P.: ¿Qué ha impedido hasta ahora que se apliquen más análisis basados en economía de la salud en el ámbito público?

R.: Básicamente responde a una voluntad política y a temas de trasparencia. Nuestra constitución y los reales decretos contemplan que la eficiencia debe ser un criterio a tener en cuenta para tomar decisiones a nivel de sanidad. Precisamente no se trata de una falta de capital humano.

 

P.: Precisamente la aplicación de estos criterios supondría unos grandes ahorros al Estado. ¿Cómo puede ser la voluntad política un problema?

R.: Cabe tener en cuenta que el Ministerio de Sanidad es quien consume los medicamentos, pero quien los acaba pagando es el departamento de Economía. En este sentido, Economía ha manifestado su posicionamiento favorable a este tipo de análisis, mientras que Sanidad ha estado bastante menos activo. Con todo, el sistema descentralizado es un tanto extraño. La partida presupuestaria queda fijada por el Estado, mientras que luego son las comunidades las que pagan los medicamentos. Se dice que se sigue teniendo en cuenta el criterio de coste-efectividad, pero no es verdad.

 

 

P.: ¿Las empresas del sector privado están más actualizadas?
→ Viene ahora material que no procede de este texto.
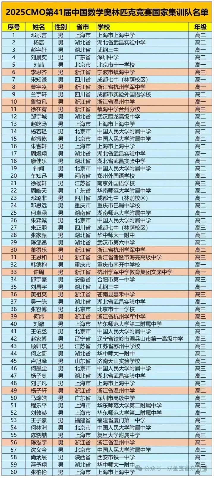 前天,2025年全国中学生数学奥林匹克竞赛(决赛)闭幕,数学国家集训队名单公布。名单共60人,他们是这届国内中学生数学竞赛最顶尖的选手,均已获得清北保送资格。
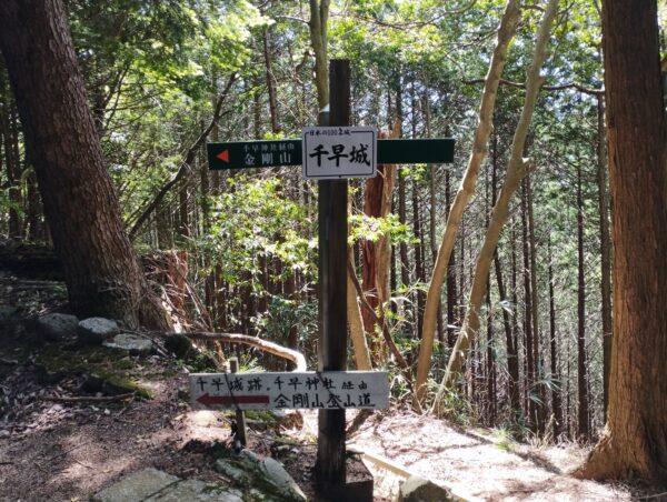 「千早本道ルート」は階段が整備されており、適宜案内看板も設置されていますが、意外と分岐点に案内看板がなかったです。

R.: Se han espabilado más. Muchas de las farmacéuticas, mutuas y algunos de los hospitales tienen centros en diversos países. Como la cultura evaluación de la eficiencia ya se ha instalado en otros estados, las empresas ya la toman como norma. No todas tienen la figura del economista de la salud, pero muchas de ellas externalizan este servicio. La mayoría reconocen la necesidad.

 

P.: ¿Cuáles son los principales retos de la economía de la salud para los próximos años?

R.: Continuar luchando para que finalmente se incluya la eficiencia como criterio de evaluación. Es necesario que los planes formativos sanitarios contengan asignaturas de economía de la salud. A su vez, los estudios de economía deberían incorporar asignaturas sobre economía de la salud. Por otra parte, nuestra cultura debería entender que la eficiencia debe aplicarse en todas las situaciones, sin importar el contexto económico.